It is more difficult to conduct updates and deletes on a fact table, than to simply insert new rows. If the source system handles the updates and deletes, then this is the preferable option since it is already in place. Unfortunately, however, this is not always the case. How is it possible to handle unaudited updates and deletes?
If the changed rows are flagged with a ‘Modified’ date column, then this means we can more easily identify the rows that have been changed. If this isn’t the case, how is it possible to go about identifying which rows have been changed? There are a few options:
Truncate and re-load the fact table at every load – this isn’t a good suggestion because some fact tables may be very frequently updated. This would not provide a good service to users, who rely on the information from the fact table.
Ask your friendly DBA to look at helping you e.g. triggers, replication, or adding a ‘Modified’ date to the source transaction data – this is a better idea. It is better to push the issue ‘upstream’ so that the data is loaded as simply into the new data warehouse as possible. This also allows the opportunity for re-use, which is always good. If you’d like to know more about using replication to find unaudited changes in the fact table, please see Duncan Sutcliffe’s excellent post here.
It’s better to distinguish between ‘soft’ deletes and ‘hard’ deletes.

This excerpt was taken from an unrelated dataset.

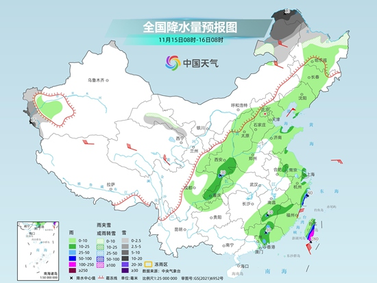 后天開始,中東部地區(qū)還將有新一輪大范圍雨雪天氣過程。預計,后天內蒙古東部、黑龍江北部、新疆南疆西部山區(qū)、甘肅祁連山山區(qū)等地部分地區(qū)有小雪或雨夾雪,其中,內蒙古東北部、黑龍江西北部、新疆南疆西部山區(qū)等地部分地區(qū)有中到大雪,局地暴雪。陜西東南部、四川東部、重慶西部、江西中部、浙江東部、廣東中東部、臺灣島等地部分地區(qū)有中到大雨,其中,浙江東南部、臺灣島東部和南部等地部分地區(qū)有暴雨,臺灣島南部局地有特大暴雨。

• ‘Soft’ deletes means that the row is not actually deleted, but simply flagged as deleted.
• ‘Hard’ deletes – it’s gone!
Soft deletes are obviously better; an additional column can be added as a flag, and the flag is set to denote whether the record is deleted or not.

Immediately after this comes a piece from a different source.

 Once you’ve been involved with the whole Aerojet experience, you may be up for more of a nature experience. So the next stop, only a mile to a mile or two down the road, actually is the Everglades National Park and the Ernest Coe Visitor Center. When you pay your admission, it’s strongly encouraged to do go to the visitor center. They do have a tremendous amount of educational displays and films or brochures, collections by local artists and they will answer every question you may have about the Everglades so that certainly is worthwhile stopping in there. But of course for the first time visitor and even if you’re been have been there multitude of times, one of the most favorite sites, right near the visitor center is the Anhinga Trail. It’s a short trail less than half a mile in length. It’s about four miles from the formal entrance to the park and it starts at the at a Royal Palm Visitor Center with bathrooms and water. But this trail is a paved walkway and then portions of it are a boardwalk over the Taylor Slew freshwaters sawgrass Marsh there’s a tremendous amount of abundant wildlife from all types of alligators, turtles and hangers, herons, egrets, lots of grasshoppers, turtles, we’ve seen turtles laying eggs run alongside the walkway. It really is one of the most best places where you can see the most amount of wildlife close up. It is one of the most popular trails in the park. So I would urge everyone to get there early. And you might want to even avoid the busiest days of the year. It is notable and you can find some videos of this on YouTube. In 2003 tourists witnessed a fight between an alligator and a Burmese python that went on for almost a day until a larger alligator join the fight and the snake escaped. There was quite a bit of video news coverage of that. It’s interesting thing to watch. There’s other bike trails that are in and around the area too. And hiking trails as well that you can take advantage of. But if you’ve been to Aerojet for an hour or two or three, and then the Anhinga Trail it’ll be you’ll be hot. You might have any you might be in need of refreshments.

The Kimball methodology argues that updates and deletes should be handled as transactions. However, that isn’t possible in every case, and it’s probably better to apply this strategy for incremental data such as sales. Let’s take a non-incremental example, where a company has phone record data. The phone record may hold information initially such as the start time of the call. However, any ‘on hold’ time or ‘end time’ associated with the call cannot be recorded until the call ends. Thus, the update needs to be done ‘in situ’ or there will be lots of additional rows with empty columns, all for one call.
Although the structure can be difficult to decide, Kimball usually has some good words of wisdom; the trick is knowing when to apply it to your particular circumstance and user requirements, and I do recommend reading Kimball as often as possible!